Keeping different copies of state in sync with CDC and the Outbox pattern in CockroachDB

Kai NiemiKai Niemi
11 min read

Background

Distributed architectures are common nature these days in most business domains. Driven by the urge to decompose monoliths into more independent microservices or to adopt event-driven principles when building shiny new things. The goal is to enhance decoupling, independent evolution, scalability and fault-tolerance and in the end cost of change.

Unfortunately, there's no free lunch and distributed architecture styles come with a different set of challenges. One of these challenges is in focus for this post - how to keep different copies of state in sync.

What are different copies of state and why is that a challenge? Let's find out.

Problem

Let's focus on a typical request-response-based interaction model where each microservice has its bounded context with an API to front clients and an isolated database (aka state) and some stateless business processing in between.
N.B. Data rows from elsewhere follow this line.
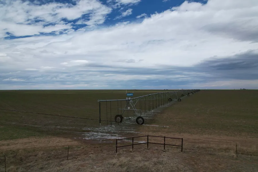 This is a very nice laying large acreage tract with excellent soils. Single phase electricity and natural gas are present. Three phase electricity is less than one mile away and the existing single phase line can be converted if desired. One irrigation well pumping 350 +/- gpm sits in the NW corner and provides water to the farm. A newer 380 +/- acre Valley Sprinkler is owned by the Seller and will convey. A second 120 +/- acre Valley Sprinkler is owned by the Tenant and can be purchased separately if desired. There are a lot of contiguous acres on this farm to explore for more water. Rough grass to the south and east provides a protection buffer from future irrigation pumping pressure.
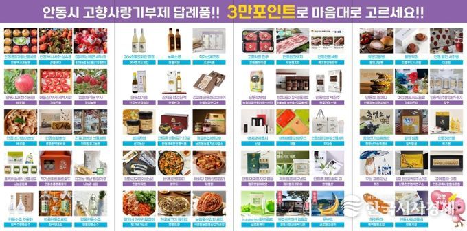 한국시사경제 경북취재본부 | 안동시는 지역경제의 활성화와 기부자 만족도 제고를 위해 2026년 고향사랑기부제 답례품 및 공급업체를 공개 모집한다고 21일 밝혔다.
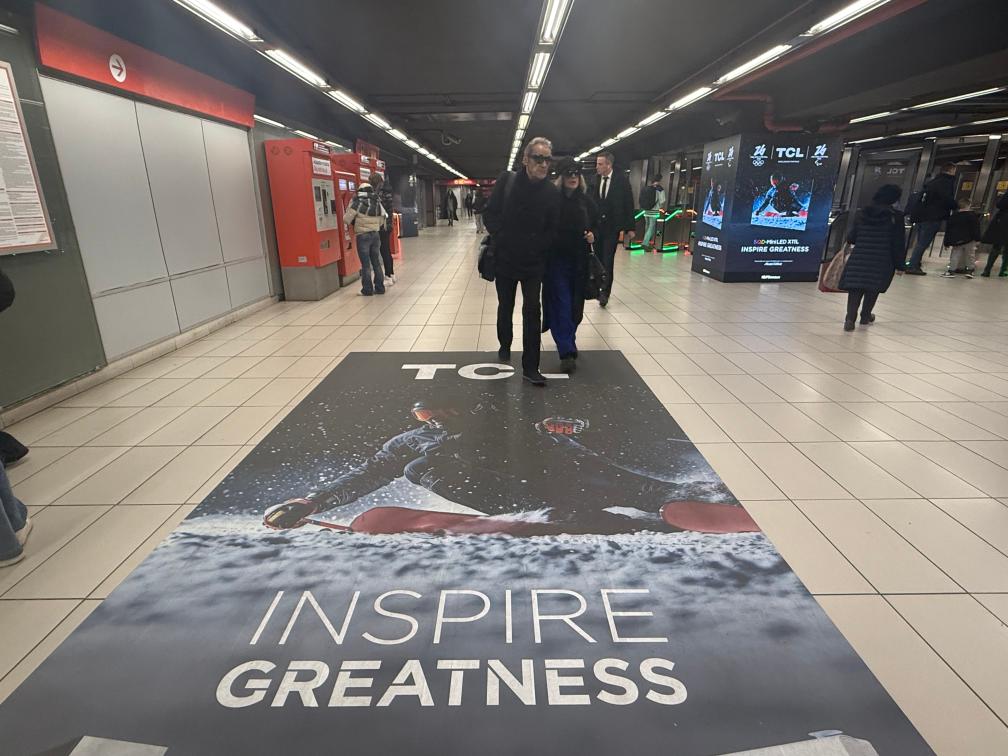 这是2026年2月13日在意大利米兰的地铁站中拍摄的TCL的广告。(手机图片)
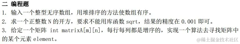 点评:上面第3题还是杨氏矩阵查找,见编程艺术第23章:blog.csdn.net/v_july_v/ar…。既然这么多公司都喜欢考杨氏矩阵查找,那么再给出杨氏矩阵查找一题的扩展:给定 n×n 的实数矩阵,每行和每列都是递增的,求这 n^2 个数的中位数,分析详见:zhiqiang.org/blog/scienc…。 -
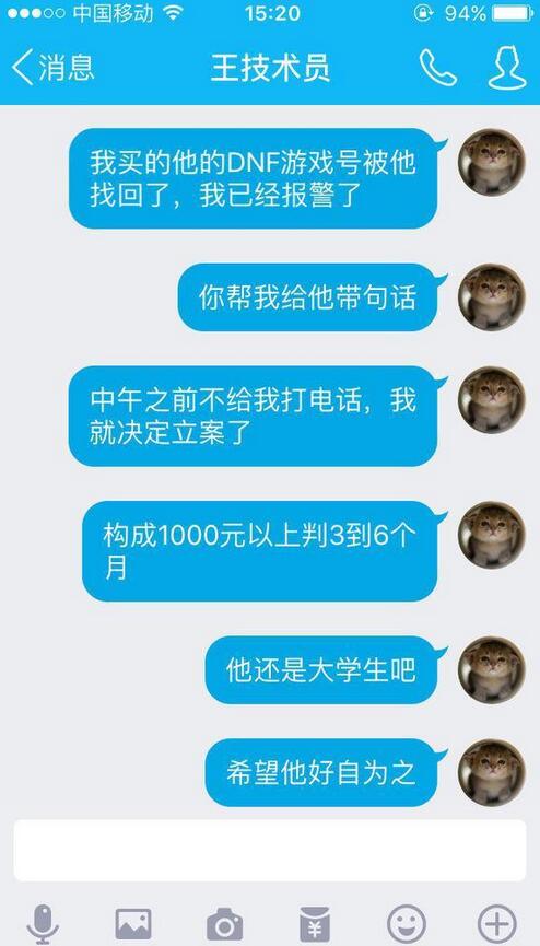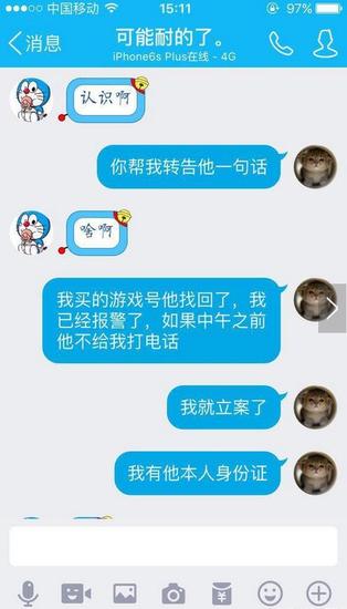 我马上给我在公安局工作的姐夫打电话,跟他说明了下情况,因为我有卖家身份证,可以调到他的所有信息,其中包括他父母的等等,但是心里还是觉得尽量 大事化小吧,我知道卖家身份证和电话号等,就加了卖家QQ,他有问题提示,我加不上,只好进入他空间,发现了他的好多好友留言,就想到加他朋友让他朋友给 卖家带句话,让他联系我。
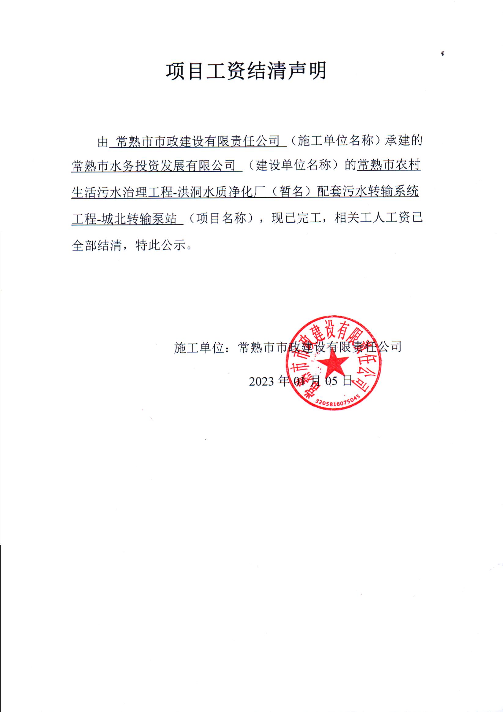 常熟市农村生活污水治理工程-洪洞水质净化厂(暂名)配套污水转输系统工程-城北转输泵站
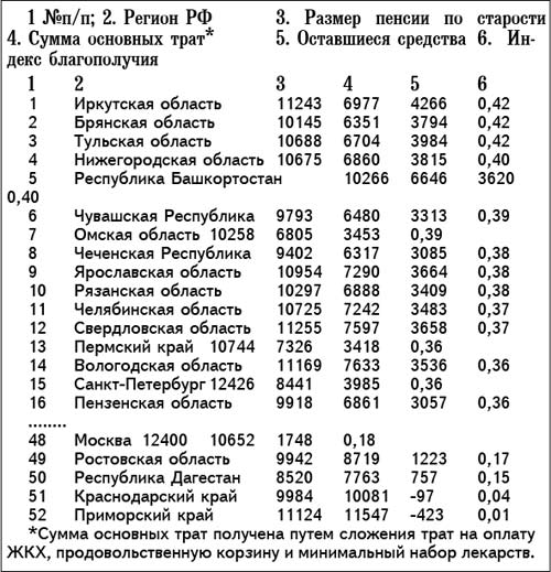 В аутсайдерах Приморский край, который завершает рейтинг. Если предположить, что пенсионер получает среднюю пенсию 11124 руб., платит 5 954 руб. за жилищно-коммунальные услуги, 5 093 руб. тратит на продукты (продуктовая корзина) у пенсионеров даже не остается средств на лекарства, он уходит в «минус». Пенсионеры Краснодарского края по тому же принципу остаются «должны» 97 рублей. Также в зоне социального риска оказались Ханты-Мансийский автономный округ – Югра, Хабаровский край, Москва. В этих регионах – при внешне высоком уровне пенсии, очень высокий уровень цен, не позволяющий чувствовать себя вполне благополучно. Что характерно, в наименее благополучных регионах, наблюдается низкая активность жителей, пользующихся электронными услугами Пенсионного фонда России (рейтинг ЦИПР от 07.08.2015).
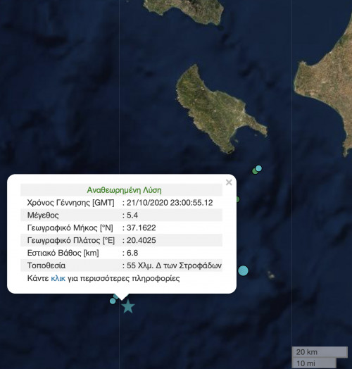 Στις 2 π.μ. σεισμός 4,5 Ρίχτερ καταγράφηκε 49 χιλιόμετρα δυτικά των Στροφάδων και σαράντα δευτερόλεπτα αργότερα, ακολούθησε 5,4 βαθμών της κλίμακας Ρίχτερ, με επίκεντρο 55 χιλιόμετρα δυτικά των Στροφάδων.
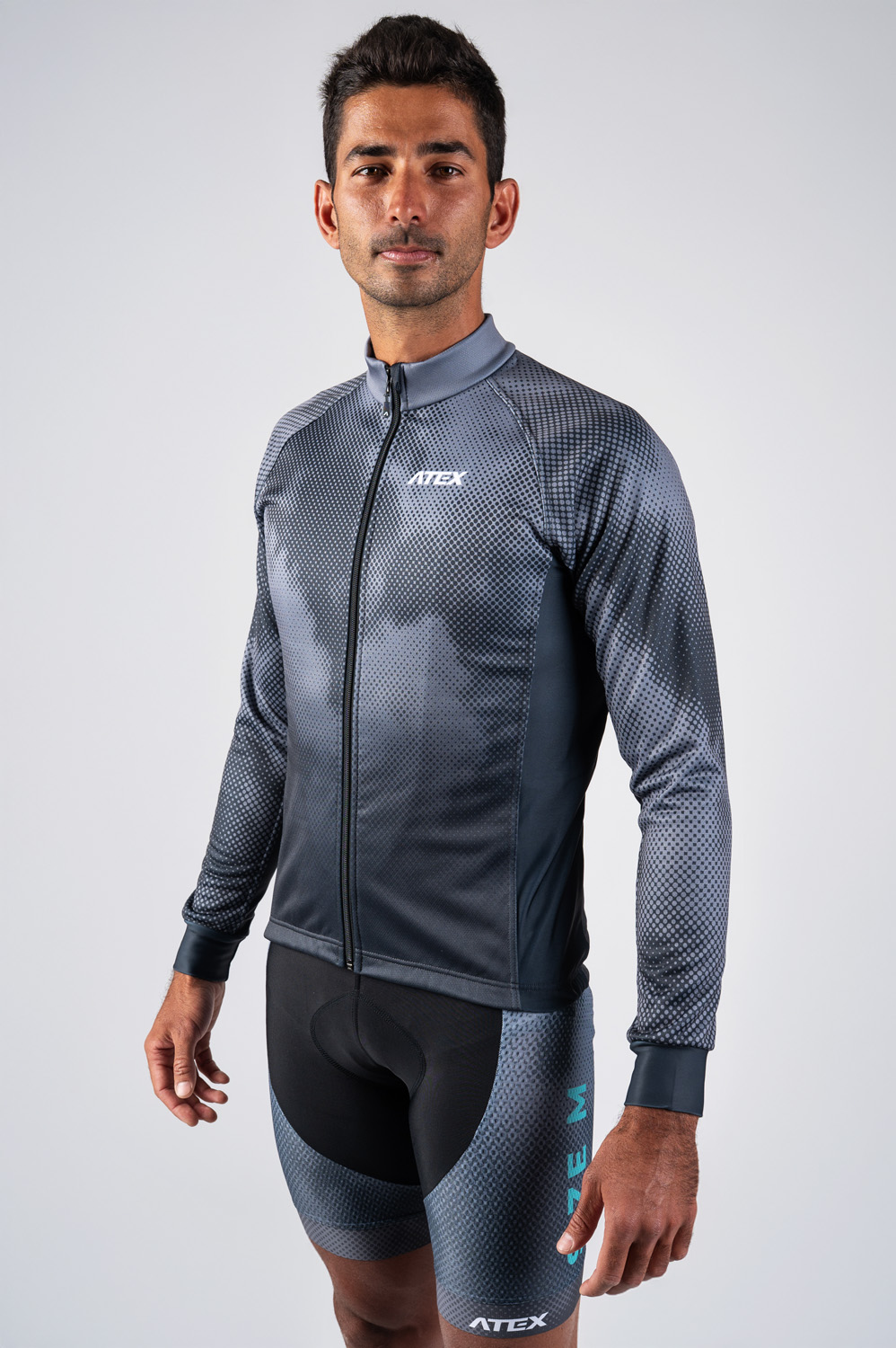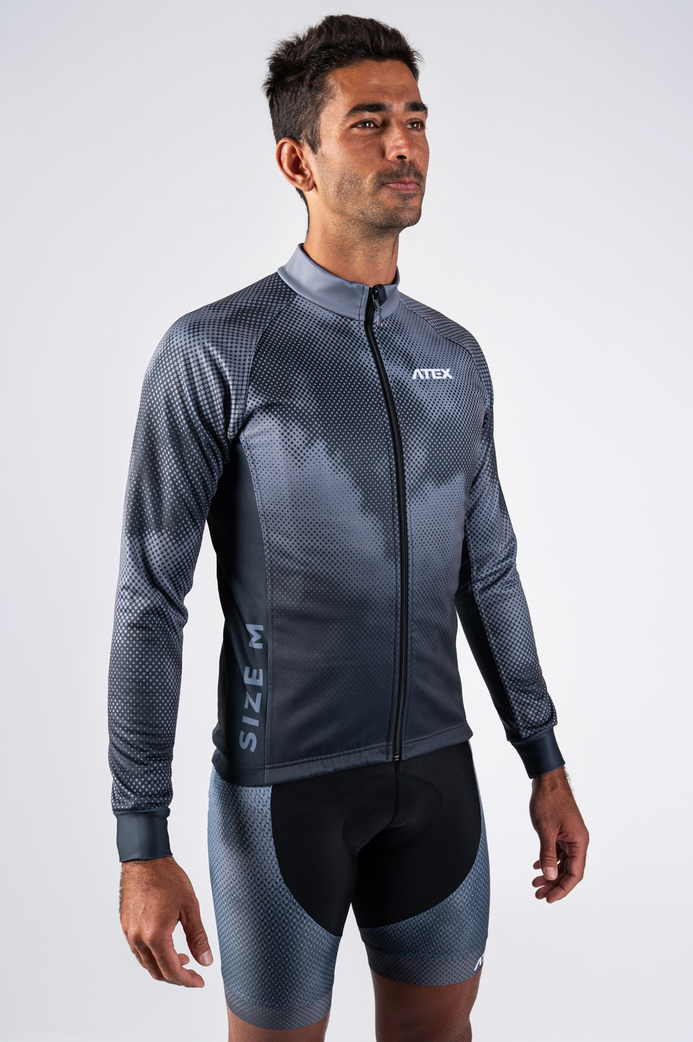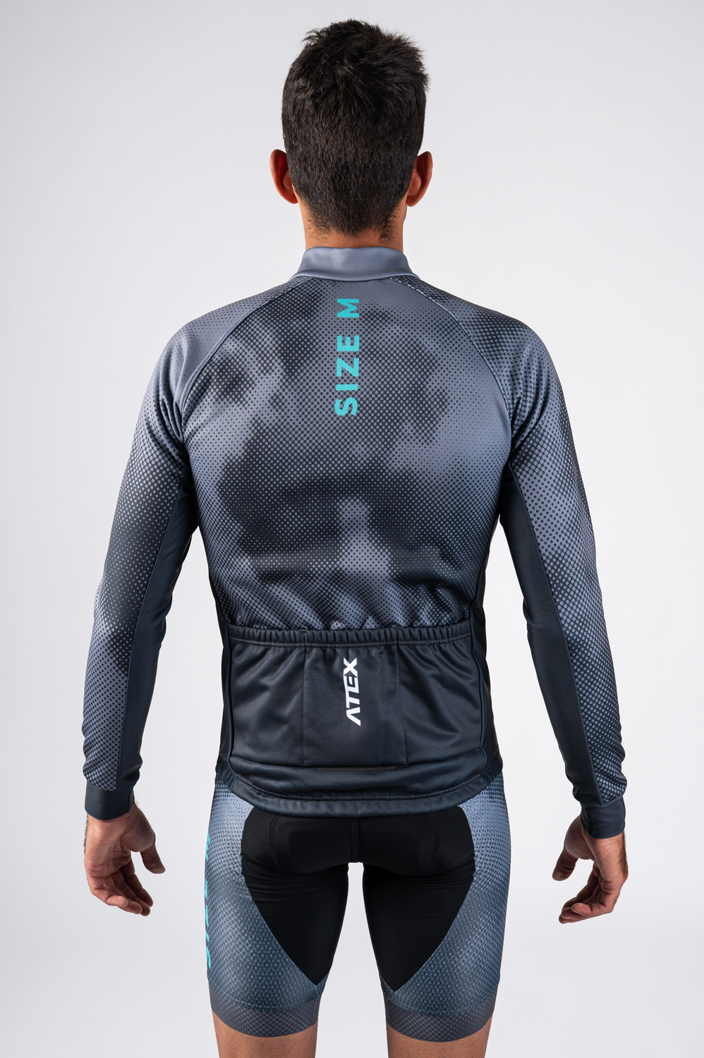 The cycling jacket is made in combination of two materials. The basic one is a three-layer membrane Zerowind material resistant to wind and moisture. Side panels and inner sleeve panels are made from very stretch Roubaix material for better flexibility and breathability. Jacket has semi-fitting design, full-length underlaid zip, triple rear pocket with reflective details and raglan sleeves with stretch cuffs and silicon gripper in the bottom hem. At request we can add fourth rear zip pocket (as seen in the picture) or only one big zip pocket. The basic model comes in warm Zerowind material but can be also made in lightweight Zerowind Light material.
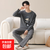 睡衣男春秋款纯棉长袖高档提花秋冬季2025新款休闲大码家居服套装 Z11018墨绿灰 M 推荐体重100-120斤
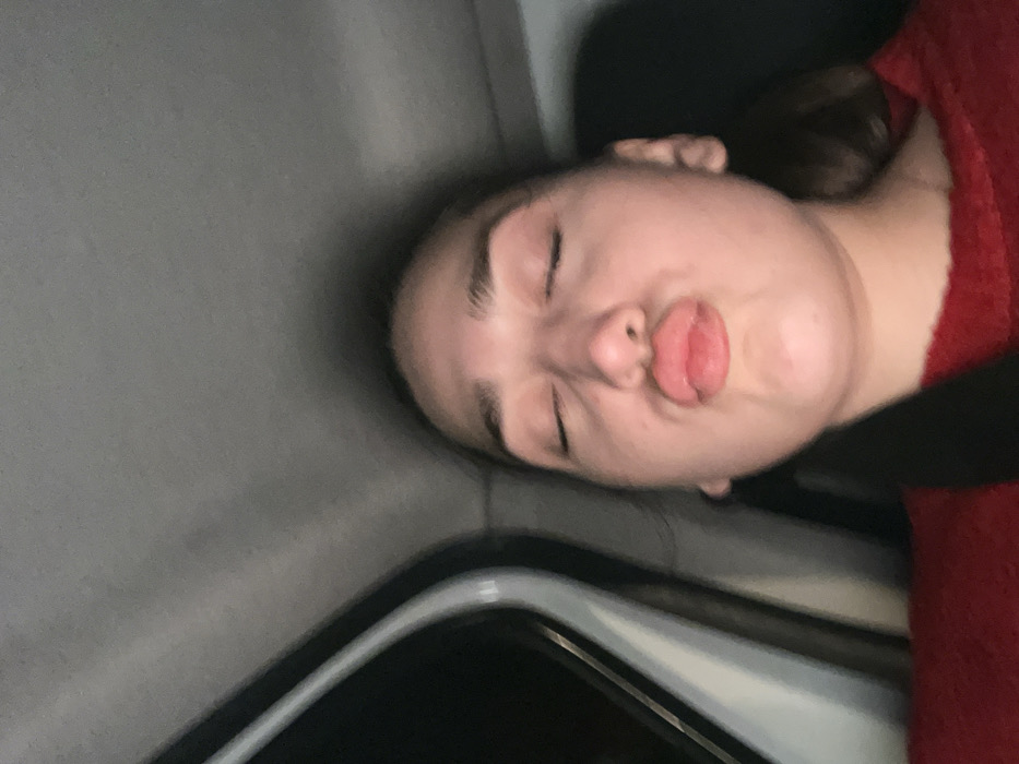 A low-light, close-up photograph displays a single female individual inside a vehicle interior. The subject's eyes are closed, and her lips are pursed into a "kissing" pose. She wears a red, textured garment, and a black seatbelt diagonally crosses her torso from left shoulder to right hip. The vehicle's grey headliner is visible above, while a white-trimmed door frame and dark window are present to the left of the subject. The seat appears dark. No visual cues within the image permit determination of a specific location within the city of Rennes, France.
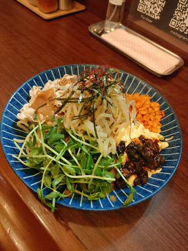 夏の醍醐味の一つと言えば!冷やし中華ですよね〜!そんな訳で今年初の冷やし中華を食べにらーめんたきびさんに行って来ました!上溝駅から徒歩で20分の場所にある味噌らーめん専門のラーメン屋さんで、割と新しいラーメン屋さんですね!お店に到着したのが19時過ぎで先客は、1名程でしたので券売機のメニューをユックリと確認してから、胡麻みそ冷し中華大盛り(900円+150円)を選択しカウンター席に着席してから店主に注文します!ですが、メニューを観ていて青唐辛子味噌漬けが気になり初めてしまい、迷惑承知で店主にメニュー変更をお願いします!変更したのが同じ冷やし中華の胡麻味噌冷し中華青唐辛子のせ(950円)に変更!店主は、変更にあたり嫌な顔一つもせずに笑顔で対応してくれる人柄で気持ちの良い人物です!水を飲みながら待つ事8分程で、今年初の冷やし中華の胡麻みそ冷し中華青唐辛子のせ大盛りが到着です!彩り豊かな冷やし中華で微かに味噌の香り漂う冷やし中華です!具材は、豚シャブと天かすと卵の白身と黄身を混ぜてタルタルソース風に仕上げたゆで卵と野菜に豆苗とモヤシ、最後に青唐辛子味噌漬けが彩り良く配置されています!私は、冷やし中華を食べる時は、混ぜそば同様に全てを混ぜるタイプなので、今回も全てを混ぜて食します!良く混ざった所でモチモチ中太麺を豪快に啜ります!味噌の味と卵のタルタルソースが合わさった味は、濃厚で汗をかいた体には、最高のご馳走です!麺もモチモチしていて味噌の味付けに良く合い喉越しも気持ち良いですね!そして気になる青唐辛子味噌漬けは、シャキシャキした食感残す輪切りの青唐辛子で嫌な辛さでは、なく爽やかな辛味残す味噌漬けで食欲を更に増進させてくれる優れた薬味です!食欲が増進した所で、お次は、豚シャブ!脂感を少し残す豚シャブで味噌の味付けとの相性は、良く食べ応えも抜群です!アレや、コレやと楽しみながら麺を啜り、気付けば一口程度!最後のささやかな幸せを味わい食せば今年初の冷やし中華は、完食です!実に内容ある冷やし中華で、とても美味しい冷やし中華で大満足な夕飯でした!そして特筆すべきは、中太麺の美味さと青唐辛子の味噌漬け!特に青唐辛子の歯応えと爽やかな辛さは、素晴らしく、味噌味の麺を更に美味しくしてくれる優れモノ!麺のモチモチ感と喉越しも良く病みつき度合いの高い麺ですね!ただ安月給の自分としては、お値段がやや高く感じる部分がありますが、昨今の情勢では、仕方なしですよね!たまにの贅沢で利用して味噌らーめんに生玉子を付けて食してみたいですね!ちなみに、コチラの味噌らーめんは、味が濃い目なので味をマイルドにする為に、生玉子を漬けて食すらしいですよ!皆様も今年初の冷やし中華をらーめんたきびで食べに来ませんか?お勧めは、やはり麺を美味くする青唐辛子の味噌漬けです!食べればクセになっちゃいますよ!夏の風物詩、冷やし中華!暑い夏にピッタリの酸味と味噌の旨み溢れる胡麻みそ冷し中華!胡麻と良く合う豚シャブと喉越し豊かな中太麺!食べれば、食べるだけ、美味しく食べれる濃厚な胡麻みそダレ!この夏イチオシの胡麻みそ冷し中華青唐辛子のせを皆様も御賞味下さいね!それでは、真面目で謙虚な店主と爽やかな涼風の様な胡麻みそ冷し中華青唐辛子のせに心から感謝を込...
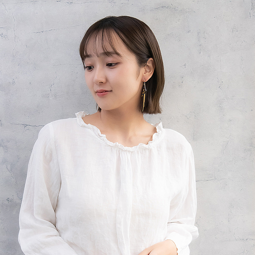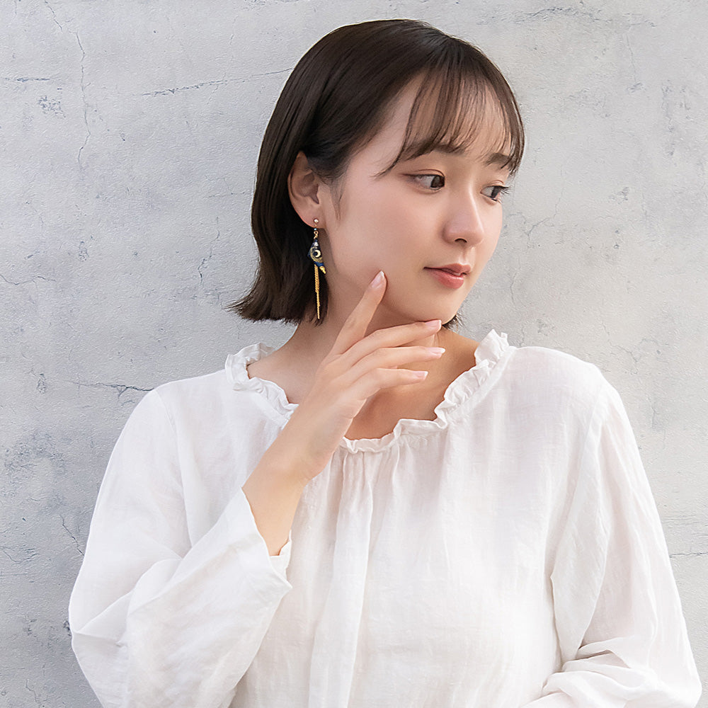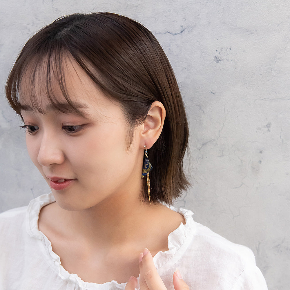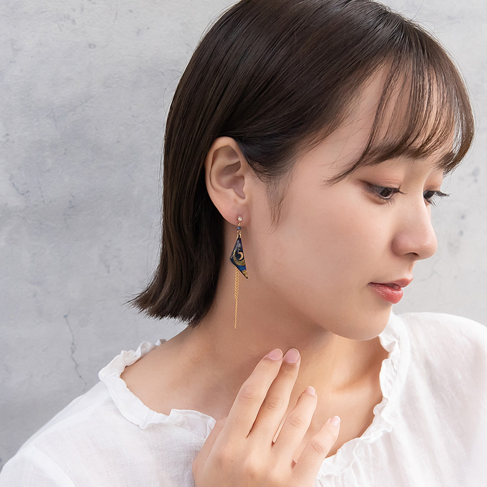 ax1406夜空に輝く、美しくロマンティックなギャラクシーデザイン。キラキラと輝く星たちの瞬き、神秘的に広がる宇宙を感じられるデザイン。人気のゆれるデザインで、耳元を華やかに演出します。さりげないゆれ感もかわいく、存在感もあってコーデ映え。

One side-effect of having many (potentially hundreds) independent services that don't share the same database is conversational chatty: ness over the network. That not only impacts performance but also increases service coupling and reduces availability when synchronous channels are used like HTTP APIs.

For example, you have a customer service that represents the technical authority for your domain concept of a "customer". If you need to register a new customer, that request must go to the customer service for validation. If a customer changes address, that change must be done through the customer service, etc.

When a registered customer later opts into a loyalty program, however, that typically doesn't belong in the customer service domain but somewhere else, like in the loyalty domain. The loyalty service may also need to have a basic understanding of what a customer is beyond just an ID or token without necessarily representing the authority to do any changes. Whenever the loyalty system runs its routines, it may need to interact with customer service unless it has a local, shallow copy of the customer's details.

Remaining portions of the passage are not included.